Posts Tagged ‘Cryptography’

Do You Really Know JWT? Insights from Devoxx France 2022

Karim Pinchon, a backend developer at Ornikar, delivered an illuminating talk titled “Do You Really Know JWT?” (watch on YouTube). With a decade of experience across Java, PHP, and Go, Karim dives into JSON Web Tokens (JWT), a standard for secure data transfer in authentication and authorization. This session explores JWT’s structure, cryptographic foundations, vulnerabilities, and best practices, moving beyond common usage in OAuth2 and OpenID Connect.

Understanding JWT Structure and Cryptography

Karim begins by demystifying JWT, a compact, secure token for transferring JSON data, often used in HTTP headers for authentication. A JWT comprises three parts—header, payload, and signature—encoded in Base64 and concatenated with dots. The header specifies the cryptographic algorithm (e.g., HMAC, RSA), the payload contains claims (data), and the signature ensures integrity. Karim demonstrates this using jwt.io, showing how decoding reveals JSON objects.

He distinguishes token types: reference tokens (database-backed) and value tokens (self-contained, like JWT). JWT supports two forms: compact (Base64-encoded) and JSON (with additional features like multiple signatures). Karim introduces related standards under JOSE (JSON Object Signing and Encryption), including JWS (signed tokens), JWE (encrypted tokens), JWK (key management), and JWA (algorithms). Cryptographic operations like signing (for integrity) and encryption (for confidentiality) underpin JWT’s security.

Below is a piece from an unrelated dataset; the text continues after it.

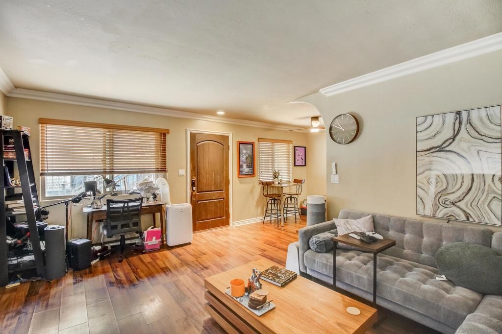 Gorgeous downstairs, corner unit in the gated community of Tapestry. Enter to gaze upon an open floor plan adorned with crown molding and stunning laminate flooring. The kitchen provides plenty of cabinet space, granite countertops, and stainless steel appliances. In-unit laundry accommodates a stacked washer and dryer. The unit is conveniently located close to the workout room and pool! One assigned parking space makes parking a breeze - a must in beach communities. Approved for VA financing & possible VA assumption available with 2.25% interest rate! Tapestry offers its residents controlled access, a fitness center, sparkling pool, BBQ and outdoor eating area. Off the beaten path, your client will love the proximity to the coast and the lovely upgraded finishes. Minutes from Imperial Beach Pier where you can frolic in the waves, view the art installations and grab a bite to eat at one of the numerous eateries. Come see the best before it’s gone.

Payload Claims and Use Cases

The payload is JWT’s core, divided into three claim types:

• Registered Claims: Standard fields like issuer (iss), audience (aud), expiration (exp), and token ID (jti) for validation.
• Public Claims: Defined by IANA for protocols like OpenID Connect, carrying user data (e.g., name, email) in ID tokens.
• Private Claims: Custom data agreed upon by parties, kept minimal for compactness.

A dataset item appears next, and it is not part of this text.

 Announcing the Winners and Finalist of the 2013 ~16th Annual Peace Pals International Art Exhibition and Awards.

Karim highlights JWT’s versatility in:

• API Authentication: Tokens in Authorization headers validate requests without database lookups.
• OAuth2: Access tokens may be JWTs, carrying authorization data.
• OpenID Connect: ID tokens propagate user identity.
• Stateless Sessions: Storing session data (e.g., e-commerce carts) client-side, enhancing scalability.

He cautions that stateless sessions require careful implementation to avoid complexity.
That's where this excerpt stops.